К сожалению, Нарусовой никто не объяснил, что коронография, которую
вроде бы сделали экс-мэру, – это не лечебная, а диагностическая
операция, поэтому «значительно лучше» от нее стать не может. А
в одной из газет промелькнуло сообщение о том, что пограничники
в Пулково, ожидавшие, что из «скорой» Собчака вынесут на носилках,
были приятно удивлены его бодрой походкой... Все это заставляет
усомниться в правильности диагноза, поставленного специалистами
ВМА, тем более, что Юрий Шевченко – не только главный кардиохирург,
но и большой друг семьи экс-мэра. В 1995-м, во время выборов депутатов
Госдумы, он снял свою кандидатуру из списка «Нашего дома», уступив
мандат Людмиле Нарусовой. Кроме того, по мнению следователей,
Шевченко сам замешан в «большом квартирном скандале»...
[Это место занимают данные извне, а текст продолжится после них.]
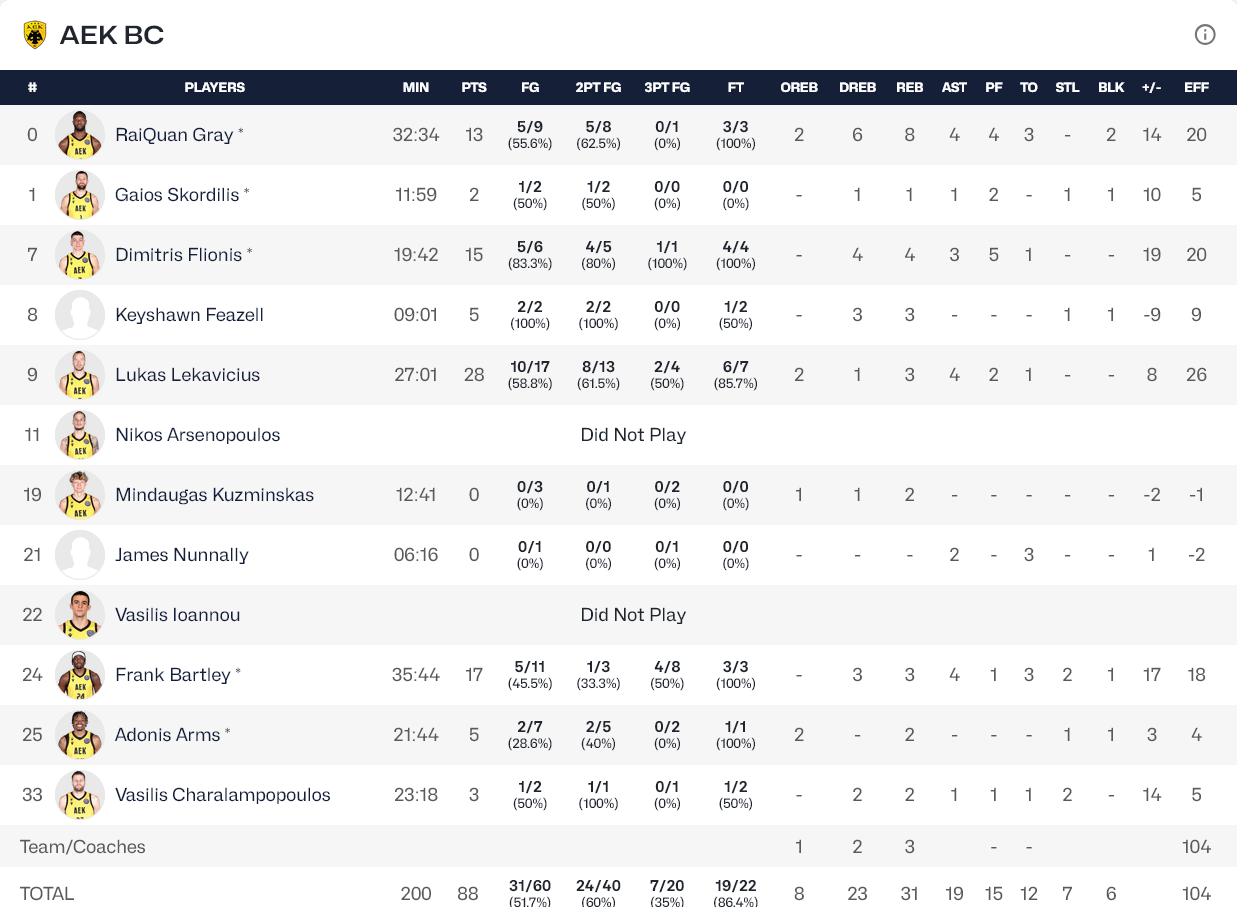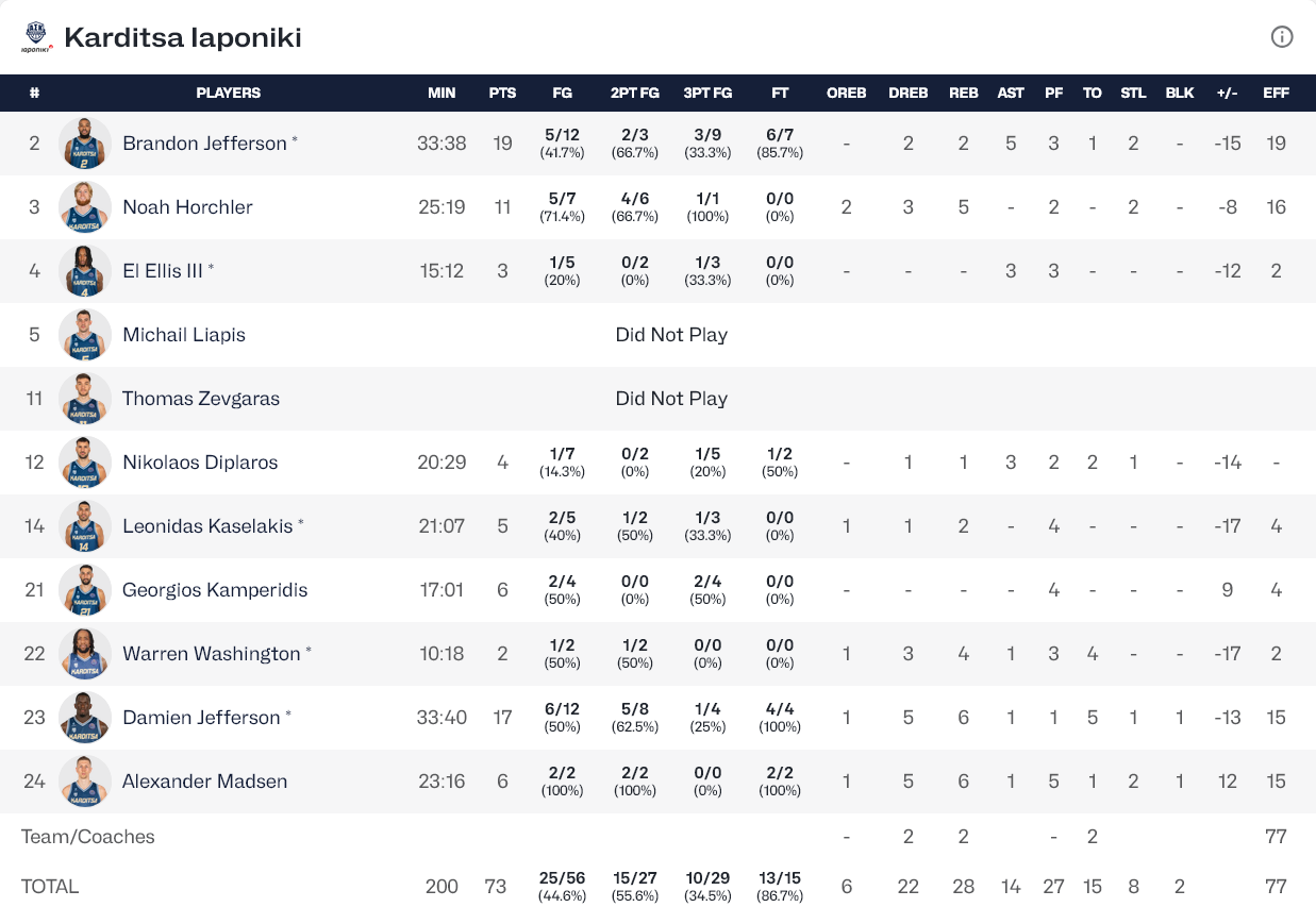 Ξεχώρισαν: Από την ΑΕΚ έβαλε ο Μπάρτλει 17 πόντους . Από την Καρδίτσα σκόραραν οι Μπ. Τζέφερσον και Ντ. Τζέφερσον με 19 και 17 πόντους.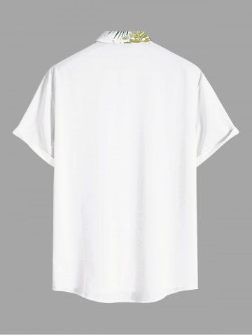 Chemise hawaïenne grande taille pour homme, à imprimé feuilles tropicales et fleurs d'hibiscus, boutons et poche. - Blanc - Blanc

О том, что французские врачи подтвердили поставленный в Питере
диагноз, известно только со слов Людмилы Борисовны, а дополнительная
экспертиза состояния здоровья Собчака, назначения которой добивался
экс-министр внутренних дел Анатолий Куликов, не состоялась в связи
со спешным отъездом больного за пределы России...
Я, конечто, вернусь?
Следующие полтора года Собчак провел в Париже – читал лекции о
России французским студентам, писал мемуары и иногда пересылал
в редакции питерских газет свои заметки. Периодически возникали
слухи о том, что он вот-вот вернется – то ли как только закончит
очередной семестр, то ли как только сменится руководство Генпрокуратуры
и расформируют следственную группу по его делу... В конце концов
этим слухам практически перестали верить, но многие полагали,
что ближе к осени 1999 года (то бишь, к выборам в Думу) Собчак
действительно может вернуться. Это ощущение укрепилось, когда
бывший подчиненный Собчака Владимир Путин в июле 1998 года стал
директором ФСБ, а затем и секретарем Совета безопасности, и перешло
почти в уверенность, когда хорошо знакомый с Собчаком и занимавший
в его бытность мэром пост начальника питерской госбезопасности
Сергей Степашин стал премьер-министром.
И Собчак действительно вернулся – 12 июля 1999 года состоялось
его эффектное «второе пришествие» на берега Невы (первое случилось
в 1955 году, когда родившийся в далекой Чите Анатолий Собчак поступил
на юридический факультет Ленинградского университета). Поскольку
возвращение Анатолия Александровича пришлось на время полного
политического затишья, данное событие заняло первые полосы не
только городских, но и некоторых российских газет.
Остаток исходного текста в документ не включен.